EDIT By far the best advice for a completely different car/engine. I wont guess again promise:wall::wall:


----------



## johnnyguitar (Mar 24, 2010)

What are the stock figures for your car OP? 180bhp and 184lb ft? That's quite a big torque claim from the mapped car - my vRS mapped to 284 lb ft from about 202 stock so perhaps not that different. Interesting Awesome are recommending Revo over APR and their own software.


----------



## Will_G (Jan 23, 2012)

Sorry to hijack your thread a little but after remap what kind of insurance increase do people see?


----------



## andy665 (Nov 1, 2005)

Strange that when it comes to remaps virtually everyone talks about BHP gains and there is no reference to drivability

I recently had my GTV V6 remapped by Alfatune - Gus makes no power gain claims whatsoever but does talk about how much nicer it is to drive, no peaks and troughs in the power delivery etc. 

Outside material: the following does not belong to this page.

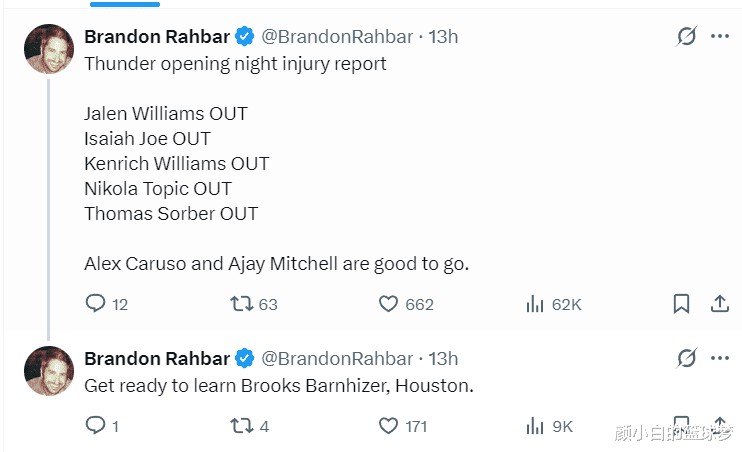 In addition to Jiewei being unable to play in the opening game, the Thunder's Isaiah Joe, Kenrich Williams, Nikola Topic, and Thomas Sauber will also miss the opening game. That is to say, five of the Thunder's players will not be able to play against the Houston Rockets at home.

The car is probably producing more power now but the important thing to me is that its a much nicer car to drive 

I once had a new Leon Cupra and that was remapped (by a company with a good reputation and it was not a generic map), yes the dyno showed a noticeable improvement in power but the thing was a pig to drive afterwards

I'll take improved drivability over "pub talk" power gains every single time


----------



## Alex_225 (Feb 7, 2008)

A3 Sport said:


> Im a bit sad about my car though, and don't want it coming to any harm!


Not sad at all mate, I'm exactly the same and one of the reasons I never jumped at the chance to re-map my Megane 225.

The only horror story I heard regarding those was a chap who had his re-mapped with the map for Euro III engine without realising his had the newer Euro IV, car wouldn't start and Renault had to flash the ECU back to a standard map.

He feigned ignorance and they did it under warranty.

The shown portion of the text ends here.